> _What is being asked_
Below are records with pictures. Transcribe exactly, and only, the lines from the line with "Krzesło Loretta to" to the line with "вместе с детьми", both ends included, but not the pictures.

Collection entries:
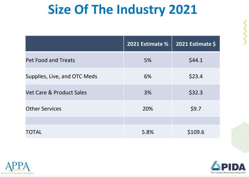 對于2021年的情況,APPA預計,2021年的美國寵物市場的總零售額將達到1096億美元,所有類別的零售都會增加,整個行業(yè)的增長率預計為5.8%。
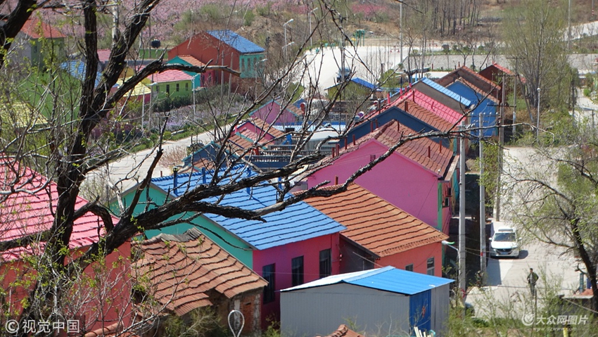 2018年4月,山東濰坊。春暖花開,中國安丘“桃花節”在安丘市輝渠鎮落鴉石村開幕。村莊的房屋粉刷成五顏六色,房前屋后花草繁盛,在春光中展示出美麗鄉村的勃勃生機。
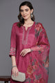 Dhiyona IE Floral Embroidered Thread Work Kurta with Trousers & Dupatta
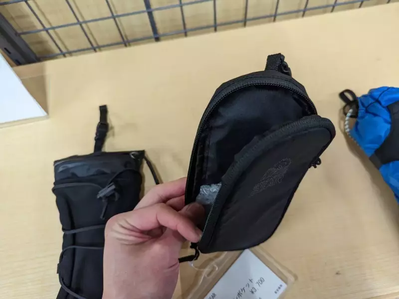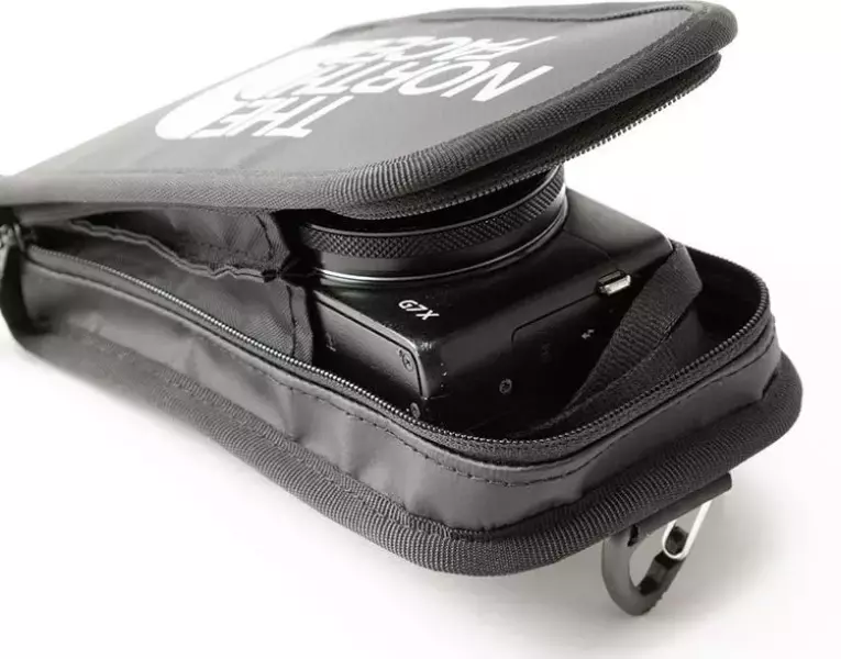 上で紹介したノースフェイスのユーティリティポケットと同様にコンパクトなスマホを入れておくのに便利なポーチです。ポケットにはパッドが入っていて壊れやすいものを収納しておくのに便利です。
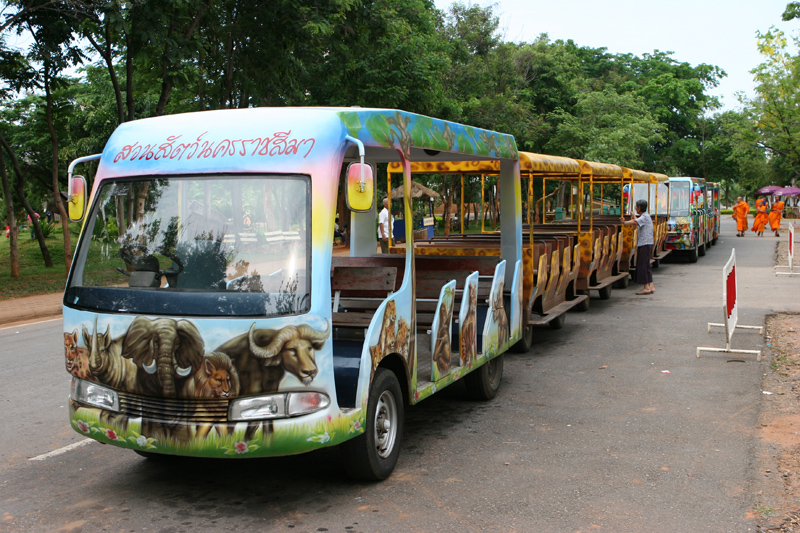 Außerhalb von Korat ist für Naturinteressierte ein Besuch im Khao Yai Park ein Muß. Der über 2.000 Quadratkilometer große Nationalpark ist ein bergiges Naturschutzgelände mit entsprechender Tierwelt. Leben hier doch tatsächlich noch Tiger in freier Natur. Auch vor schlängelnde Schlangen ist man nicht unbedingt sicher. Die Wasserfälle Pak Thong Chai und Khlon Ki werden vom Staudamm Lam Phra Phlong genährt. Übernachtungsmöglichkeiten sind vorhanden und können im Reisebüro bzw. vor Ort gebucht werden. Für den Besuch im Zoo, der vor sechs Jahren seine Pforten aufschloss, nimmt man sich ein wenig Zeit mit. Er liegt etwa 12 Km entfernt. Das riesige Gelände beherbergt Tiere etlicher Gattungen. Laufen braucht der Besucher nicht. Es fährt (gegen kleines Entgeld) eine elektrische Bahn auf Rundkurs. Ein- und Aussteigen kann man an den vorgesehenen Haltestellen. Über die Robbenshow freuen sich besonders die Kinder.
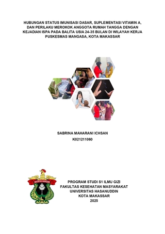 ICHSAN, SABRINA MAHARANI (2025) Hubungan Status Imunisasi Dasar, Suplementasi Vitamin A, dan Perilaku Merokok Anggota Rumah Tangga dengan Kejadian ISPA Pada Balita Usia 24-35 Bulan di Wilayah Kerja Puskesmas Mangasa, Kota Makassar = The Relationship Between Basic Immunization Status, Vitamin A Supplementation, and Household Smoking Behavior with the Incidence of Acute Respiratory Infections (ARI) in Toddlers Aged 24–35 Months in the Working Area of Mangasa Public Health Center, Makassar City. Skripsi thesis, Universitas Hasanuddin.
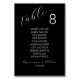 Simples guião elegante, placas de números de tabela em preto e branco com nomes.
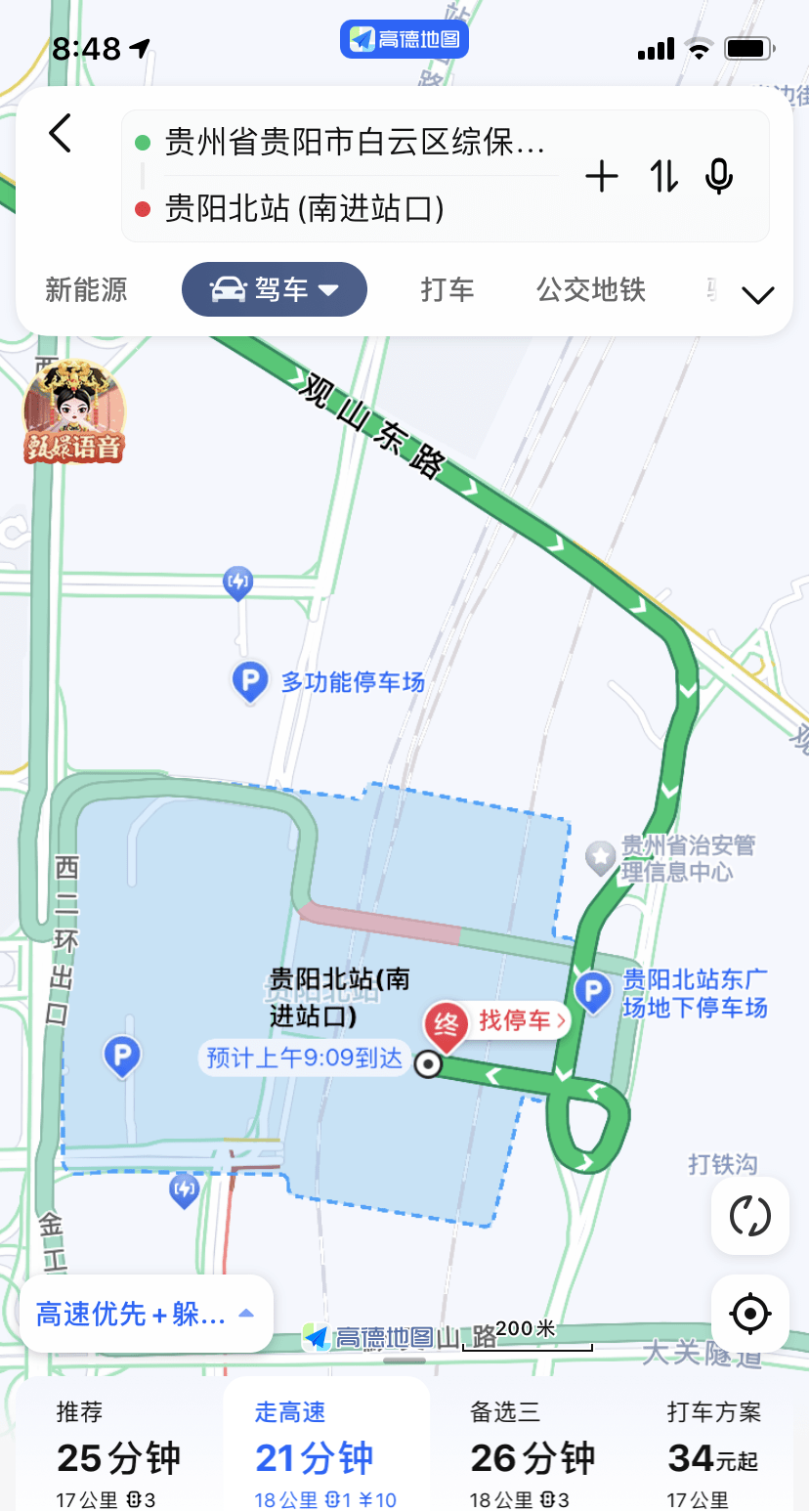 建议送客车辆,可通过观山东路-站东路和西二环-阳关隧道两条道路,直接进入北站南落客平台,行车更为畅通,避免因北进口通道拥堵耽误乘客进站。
---
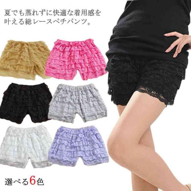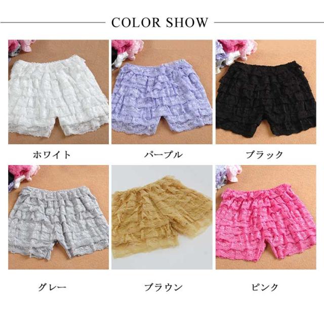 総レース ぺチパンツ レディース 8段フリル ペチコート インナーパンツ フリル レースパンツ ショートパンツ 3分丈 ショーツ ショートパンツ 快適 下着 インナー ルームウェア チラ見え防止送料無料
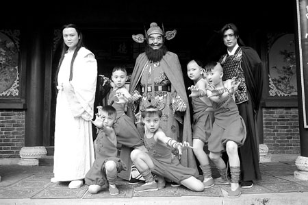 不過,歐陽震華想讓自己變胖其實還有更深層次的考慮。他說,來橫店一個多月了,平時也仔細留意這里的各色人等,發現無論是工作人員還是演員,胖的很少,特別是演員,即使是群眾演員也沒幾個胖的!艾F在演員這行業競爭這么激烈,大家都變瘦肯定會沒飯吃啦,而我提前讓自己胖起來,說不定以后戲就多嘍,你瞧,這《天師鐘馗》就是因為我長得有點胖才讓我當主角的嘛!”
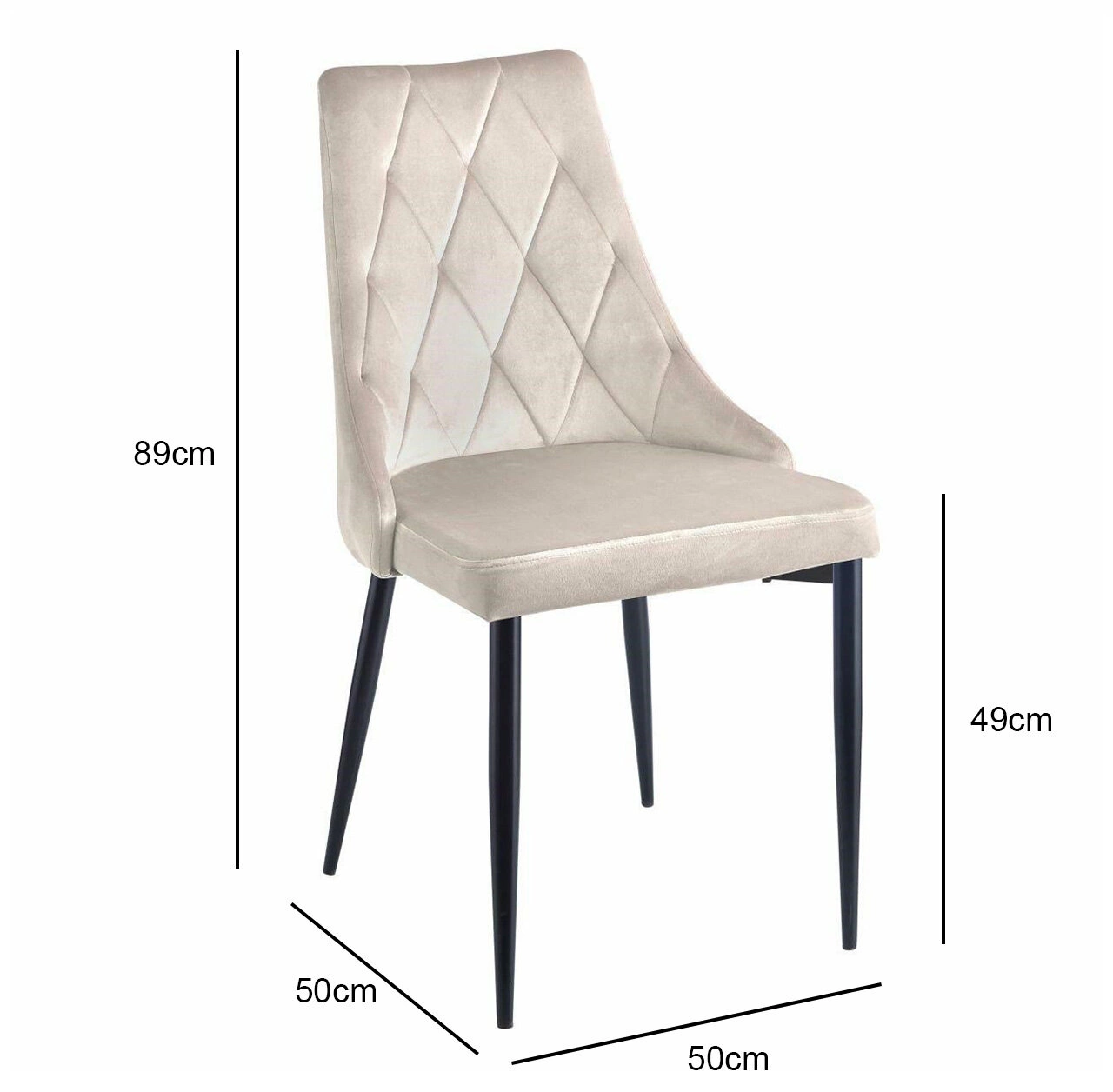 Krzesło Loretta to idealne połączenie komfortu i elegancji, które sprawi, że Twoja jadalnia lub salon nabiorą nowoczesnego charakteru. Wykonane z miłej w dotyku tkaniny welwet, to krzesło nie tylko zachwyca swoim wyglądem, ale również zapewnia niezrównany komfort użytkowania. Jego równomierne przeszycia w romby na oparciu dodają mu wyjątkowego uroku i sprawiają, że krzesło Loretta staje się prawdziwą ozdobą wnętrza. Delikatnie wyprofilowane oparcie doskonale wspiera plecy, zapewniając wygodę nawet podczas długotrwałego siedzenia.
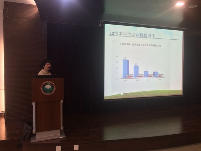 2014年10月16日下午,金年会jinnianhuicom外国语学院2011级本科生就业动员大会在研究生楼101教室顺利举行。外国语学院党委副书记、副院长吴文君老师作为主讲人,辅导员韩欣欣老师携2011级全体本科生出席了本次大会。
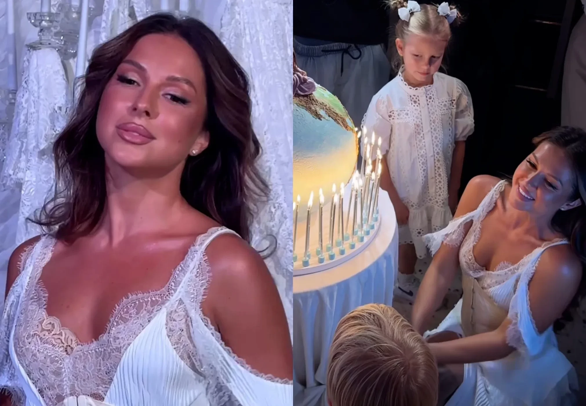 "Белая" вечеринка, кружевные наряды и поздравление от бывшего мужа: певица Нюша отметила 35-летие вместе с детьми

> _Solution_
 Krzesło Loretta to idealne połączenie komfortu i elegancji, które sprawi, że Twoja jadalnia lub salon nabiorą nowoczesnego charakteru. Wykonane z miłej w dotyku tkaniny welwet, to krzesło nie tylko zachwyca swoim wyglądem, ale również zapewnia niezrównany komfort użytkowania. Jego równomierne przeszycia w romby na oparciu dodają mu wyjątkowego uroku i sprawiają, że krzesło Loretta staje się prawdziwą ozdobą wnętrza. Delikatnie wyprofilowane oparcie doskonale wspiera plecy, zapewniając wygodę nawet podczas długotrwałego siedzenia.
 2014年10月16日下午,金年会jinnianhuicom外国语学院2011级本科生就业动员大会在研究生楼101教室顺利举行。外国语学院党委副书记、副院长吴文君老师作为主讲人,辅导员韩欣欣老师携2011级全体本科生出席了本次大会。
 "Белая" вечеринка, кружевные наряды и поздравление от бывшего мужа: певица Нюша отметила 35-летие вместе с детьми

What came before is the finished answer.